The first TAO halving is projected for mid-December 2025, though exact timing remains fluid due to Bittensor’s unique mechanics. Unlike Bitcoin’s straightforward halving, TAO operates on a multi-layered system where subnet tokens, liquidity pools, alpha burns, root proportions, and flow-based emissions interact in ways that affect every participant differently.
Expert Andy notes that these complexities mean traditional supply shock narratives only tell part of the story. The halving triggers when total issued the token reaches 10.5 million, not circulating supply, accounting for recycled tokens from subnet registrations, miner and validator activity, and other on-chain actions.
With current block emissions at 1 TAO per 12-second block, roughly 7,200 TAO enter circulation daily.
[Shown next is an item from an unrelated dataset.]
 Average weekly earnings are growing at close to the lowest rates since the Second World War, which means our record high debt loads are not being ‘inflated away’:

After the halving, this falls to 3,600 TAO per day, cutting annual issuance from around 2.6 million to 1.3 million.
Alpha tokens are assigned now to every subnet. In the case when the TAO is staked into a subnet, it is replaced with alpha by an automated market maker. The alpha distribution is divided into alpha out and alpha in, which represent rewards to the participants and liquidity to the pool, respectively. The alpha_ in is cut by half, and the alpha out does not change.
This structural change increases volatility: miners who must sell alpha to make ends meet now are exposed to less liquidity, and it puts pressure on the alpha prices downwards. Small pool subnets are the most susceptible to attack, whereas early, well-financed subnets become permanently advantaged.
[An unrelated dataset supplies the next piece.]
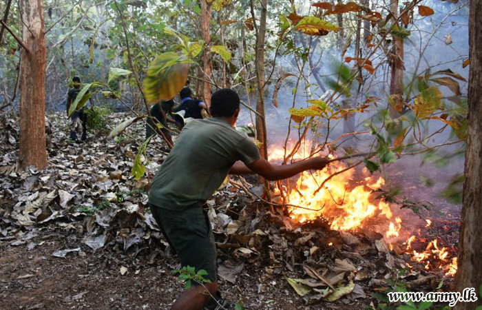 Troops of the 12 Sri Lanka Light Infantry (SLLI) of the Security Force Headquarters - Mullaittivu (SFHQ- MLT), in another instance of community service on Saturday (21) took immediate steps to bring a fast spreading bush-fire under control in the general area of Keppapilaw in Mullaittivu area.

Alpha token trajectories are also influenced by the halving, shifting one subnet halving towards the future. Subnets with alpha building up until halving have the advantage of experiencing a quicker early supply growth, and subnets with halving after have a worse liquidity situation.
The downsizing doubles the competitive nature of the network. Subnets should be able to attract sticky capital and create real utility to exist. Weak subnets will be at risk of deregistration as slots will be occupied, and miners and validators will migrate to better subnets. Root staking offers a safer option, which conserves TAO but yields diminish with time.
Expert Andy stresses that it is now survival and profit based on observation of net TAO flows, coverage percentages, and alpha burn rates, as opposed to price. Subnets with better coverage and stable alpha burns will perform better, and those that are not able to sustain liquidity will experience a higher rate of decomposition.